To make people feel better about high oil, it is adjusted for inflation and we are told how today’s prices are much less than the record inflation-adjusted price per barrel. That used to work, except now the previous peak in late-1979/early-1980 is within a few “inflation-adjusted dollars” of today’s close. Click here for a nice chart and click here for some key dates in oil history (inflation-adjusted of course!)

Almost everything is adjusted for inflation these days, not just energy. You can find inflation-adjusted data on average earnings or food or education or housing or gold or wheat or corn (you name it!).

All these efforts are meant to convince us that current prices are nothing to worry about. After all, according to the experts, prices are supposedly less than extreme peaks that formed decades ago. Since I live in the here-and-now, I am not soothed by this strategy. What bothers me today is that if you look into the items I have mentioned, almost all of them are being mentioned at the same time. Right now! And if you pull up the historical inflation-adjusted records, you’ll see that current prices are often higher than or roughly equivalent to the inflation-adjusted records.

So you might imagine that when I listen to economists and fund managers and “financial journalists” telling me that inflation is not so high, I wouldn’t mind if they choked on their inflation-adjusted hot air. “Bulloons” were out in force to downplay the PPI data today. Hearing CNBC’s editor Dennis Kneale say that current inflation is “no big deal” and that it never will be is just classic. But while I expect to hear stupid stuff like this from him, it’s more troubling to hear the Fed’s #2, Don Kohn say the following:

“I expect the run-up in headline inflation to be reversed and core inflation to edge lower in the next few years.”

AND

“I do not expect the recent elevated inflation rates to persist. The adverse dynamics of the financial markets and the economy have presented the greater threat to economic welfare in the United States.”

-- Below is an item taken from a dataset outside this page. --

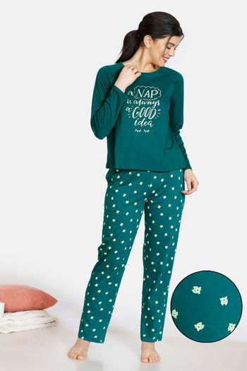 Zivame Pretty Pigs Cotton Pyjama Set - Green

It seems that Kohn is looking at a new figure I call “Inflation-Adjusted Inflation.” He has been downplaying and ignoring inflation for many months. Today he is claiming that the inflation we have now is going to head lower “in the next few years” and that it will not persist. He has no clue. He and the Fed failed to forecast the inflation we have now. What makes anyone believe he has the economic crystal ball to tell us that today’s “Inflation-Adjusted Inflation” is going to decline and when it’s going to decline? He has no clue.